Comparison of the area under the ROC curve (AUC) for five different methods for predicting motif sites of six transcription factors

Factor CTCF NRSE P53 MYC STAT1 NFkappaB
BLS 0.747 0.756 0.659 0.634 0.554 0.708
BBLS 0.814 0.941 0.861 0.683 0.606 0.722
MONKEY 0.693 0.658 0.566 0.540 0.545 0.558
UCSC TFBS 0.681 0.596 0.587 0.529 0.712
PhastCons 0.557 0.533 0.481 0.548 0.494 0.651

Best results are in bold.

In addition to CTCF, we also compared the performance of the different methods for predicting the sites of five other motifs—NRSE (neuron-restrictive silencer element, Johnson et al., 2006), P53 (Wei et al., 2006), STAT1 (Robertson et al., 2007), MYC (Zeller et al., 2006) and NFkappaB (Lim et al., 2005). The binding sites of these five motifs have recently been mapped in human cells using the high-throughput techniques ChIP-seq or ChIP-pet (chromatin immunopreciptation coupled with paired end ditag sequencing). Overall, the experiment work has identified 2274 NRSE sites, 542 P53 sites, 41 515 STAT1 sites, 4296 MYC sites and 488 NFkappaB sites in human cells.

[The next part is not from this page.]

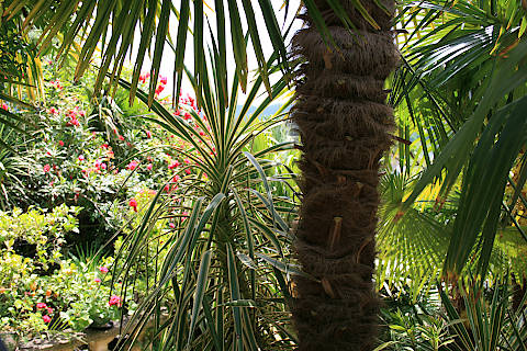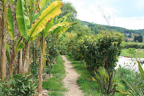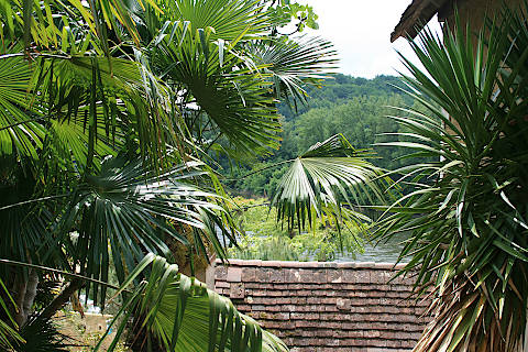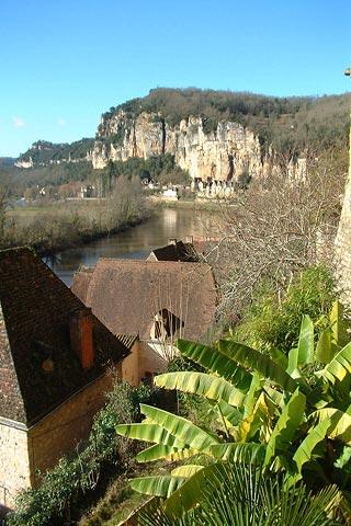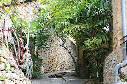 The narrow streets of La Roque-Gageac also pass through an interesting tropical garden as they climb up the hill below the cliffs. The palm trees and banana plants are able to grow here because the village is south facing and protected from north winds by the cliffs.
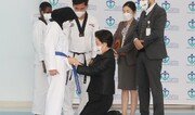 문재인 대통령과 함께 아랍에미리트(UAE)를 순방 중인 김정숙 여사가 17일 오후(현지시간) 샤르자 인도주의 복지센터를 방문해 청각 장애 학생들의 태권도 수업을 참관했다. 이곳에서 김 여사는 전 UAE 국가대표팀 코치이자 샤르자 왕국 경호부장 출신 박형문 사범이 청각 장애를 가진 20여 명의 학생들에게 태권도를 가르치는 장면을 직관했다. 김 여사는 2019년 10월 전국장애인체육대회 개회식에서 “틀리지 않습니다. 우리는 다릅니다. 못하는 게 아닙니다. 자신만의 방식대로 하는 것입니다”라고 수어로 선수들을 응원한 바 있다. 김정숙 여사는 해외 순방 때마다 빠지지 않고 장애인들을 만나왔다. 김정숙 여사가 강당으로 들어서자 하얀색 태권도복을 입은 어린이들은 태권도의 나라에서 온 영부인을 손을 들어 환영했다. 흰띠, 노란띠, 파란띠, 빨간띠 등 아이들이 허리에 맨 띠 색깔은 각기 달랐지만 도복 왼쪽 가슴에는 모두 태극기와 UAE국기가 나란히 붙어 있었다. 아랍 수어와 한국 수어로 인사를 건넨 김 여사는 데플림픽(국제 농아인 올림픽대회) 경기장에서 ‘반짝이는 박수 소리를 보고 싶다’는 친구들에게 “길이 없으면 길을 만들어서 가자”고 응원하며 평창 동계올림픽 공식응원 구호인 “아리아리”를 한국 수어로 전했다.아이들을 가르치고 있는 박형문 사범은 “코로나에도 일주일에 2~3회는 꾸준히 수업을 하고 있다”며 “전 선수가 검은띠를 취득하고 데플림픽에 나가는 것이 우리 아이들의 목표”라고 소개했다. 김 여사는 승급을 앞둔 학생들을 위해 준비한 파란띠 선물을 무릎을 꿇고 직접 매줬다. 노란색 자수로 각자의 이름이 새겨진 띠를 선물로 받은 아이들은 눈빛을 반짝이며 소리 없는 기쁨을 표시했다.김 여사는 “수어로 인사를 전하려고 많이 연습했는데 태권도를 집중해서 보느라 다 잊어버렸다”며 “너희들이 자랑스럽다. 사랑한다”는 수어 인사를 전했다.양회성 기자 yohan@donga.com}

We tested the performance of the four methods discussed above for predicting these experimentally identified sites and plotted their ROC curves in Figure 1B and C and Supplementary Figs S3–S8. In addition to the four methods mentioned above, we also tested how the predicted TFBS sites available from the UCSC genome browser (Karolchik et al., 2003) overlap with the experimentally identified sites for the five additional motifs (CTCF predictions are not available from the UCSC TFBS). TFBS uses the sum of the motif-matching scores in different species to score a motif site, without taking into account the phylogenetic relationship between the species. Note that in evaluating the performance of these different methods, we have defined true positive sites as those that are supported by the chip data and that match to a given positional weight matrix. They represent 37% of the 26 114 CTCF sites, 45% of the 2274 NRSE sites, 21% of the 542 P53 sites, 24% of the 4296 MYC sites, 3% of the 41 515 STAT1 sites and 12% of the 488 NFkappaB sites that are identified by the chip experiments. If all experimentally identified sites are used as true positives, the false negative rates corresponding to each method will need to be uniformly scaled down by these factors.

BBLS consistently outperforms all other four approaches mentioned above for predicting the sites of the five motifs (Table 1). The AUC of the ROC curves for BBLS is 0.94, 0.86, 0.68, 0.61 and 0.72 for NRSE, P53, MYC, STAT1 and NFkappaB, respectively, all of which are considerably better than the second best method (BLS for NRSE, P53 and STAT1 and TFBS for NFkappaB). The PhastCons conservation score consistently ranks lower than the four other methods (except for NFkappaB), reinforcing the importance of considering the motif model in measuring cross-species conservation.

Because of the BBLS's better performance, we retained it for further analyses in the following.

3.2 Properties of identified sites

As the motif sites are predicted purely by computational methods, we have followed additional lines of evidence to support the functionality of these sites.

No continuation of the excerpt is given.